Question 2 [Neural Network’s Decision Boundary, 30 Marks]
I Load Task2B_train.csv and Task2B_test.csv datasets, plot the training and testing data separately in two plots. Mark the data with different labels in different colors. Attach the plot to your PDF report submission.
II Train two Perceptron models on the loaded training data by setting the learning rates η to 0.1 and 1.0 respectively. Calculate the test errors of two models and find the best η and its corresponding model, then plot the decision boundary and the test data in one plot; attach the plot to your PDF report. Hint: We expect the decision boundary of your perceptron to be a linear function that separates the testing data into two parts. You may also choose to change the labels from [0, 1] to [−1, +1] for your convenience.
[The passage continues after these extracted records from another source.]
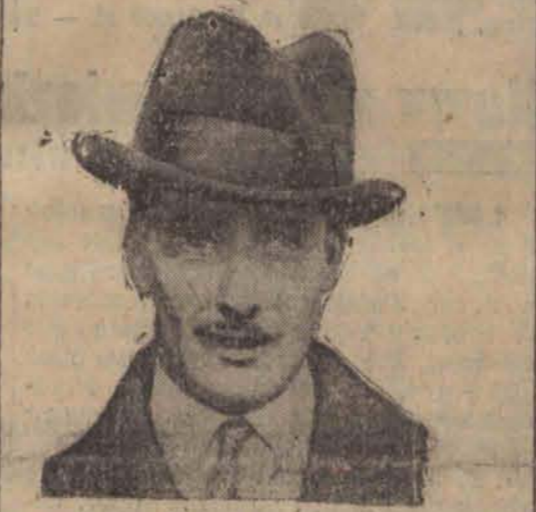
Dzisiaj przybywa z Moskwy do Warszawy p. Anthony Eden, lord - strażnik prywatnej pieczęci, celem odwołania z rządem polskim aktualnych zagadnień politycznych.
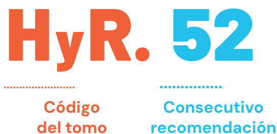
Figura 1A. Estructura de la codificación de las recomendaciones

Con el fin de clasificar y diferenciar cada una de las 220 recomendaciones, a cada recomendación se le asignó un código compuesto por la abreviatura correspondiente al tomo y un número consecutivo que permite identificarla dentro de su respectivo tomo.
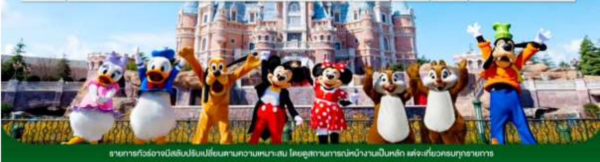
รายการทัวร์อาจมีฉบับปรับปรุงเปลี่ยนแปลงตามความเหมาะสม โดยดูสถานการณ์หน้างานเป็นหลัก แต่จะเกี่ยวข้องทุกรายการ
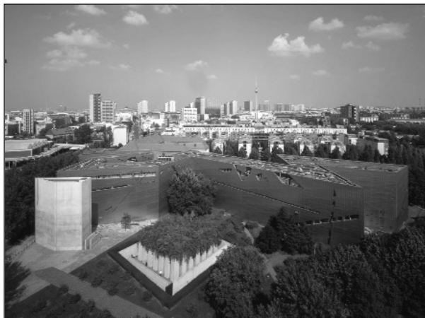
Veduta del Museo ebraico di Berlino.

"Contributo e destino: 300 anni della Comunità ebraica a Berlino, 1671-1971". A seguito di ciò nell'amministrazione cittadina si fece strada la volontà di dotare il museo di un "dipartimento ebraico", e si aprì un dibattito sulle relazioni tra il museo di storia cittadina e le collezioni di storia ebraica. Infine, nel 1988, fu sancita la necessità di un nuovo edificio per il dipartimento ebraico. Il concorso internazionale indetto in quell'anno recava il titolo "Estensione del Museo di Berlino con il dipartimento museale ebraico" e la sede eletta per la realizzazione dei nuovi spazi fu proprio quella della Lindenstrasse. I 165 concorrenti dovevano perciò inserire, accanto a un edificio settecentesco di prussiana eleganza e austerità, un nuovo grande museo che consentisse l'esposizione permanente della collezione ebraica ed eventuali mostre temporanee, contributi di-
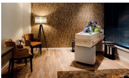
Familekamers De Merwede en De Oude Maas 6 personen
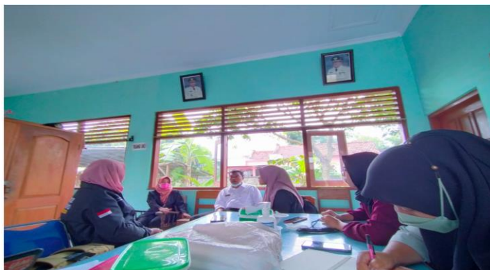
Gambar 2. Koordinasi dengan guru dan sekolah terkait kegiatan abdimas

Kegiatan edukasi/penyuluhan pentingnya budaya literasi dilakukan dengan mengadakan kegiatan 1 buku 1 siswa 1 bulan. Setiap siswa diminta membaca buku bacaan secara rutin setiap bulan. Buku bacaan tidak dibatasi entah dari jenis fiksi maupun non fiksi. Buku bacaan bisa dari milik pribadi, atau meminjam di perpustakaan sekolah. Mahasiswa juga menghimbau untuk memanfaatkan pojok literasi di setiap sudut ruang kelas untuk memupuk budaya literasi. Pada hari besar nasional, tepatnya di hari pahlawan dan sumpah pemuda diadakan lomba telling story untuk mengetahui perkembangan kemampuan budaya literasi siswa.
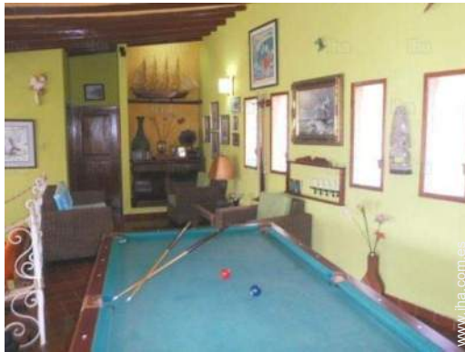
mesa de billar

III For each combination of K (i.e, number of units in the hidden layer) in 5, 10,15, …, 40, (i.e. from 5 to 40 with a step size of 5), and η (i.e., learning rate) in 0.01, 0.001 run the 3-layer Neural Network and record testing error for each of them. Plot the effect of different K values on the accuracy of the testing data and attach it to your PDF report. Based on this plot, find the best combination of K and η and obtain your best model,then plot the decision boundary and the test data in one plot; attach the plot to your PDF report.
IV In your PDF report, explain the reason(s) responsible for such difference between Perceptron and a 3-layer Neural Network by comparing the plots you generated in Steps II and III. Hint: Look at the plots and think about the model assumptions.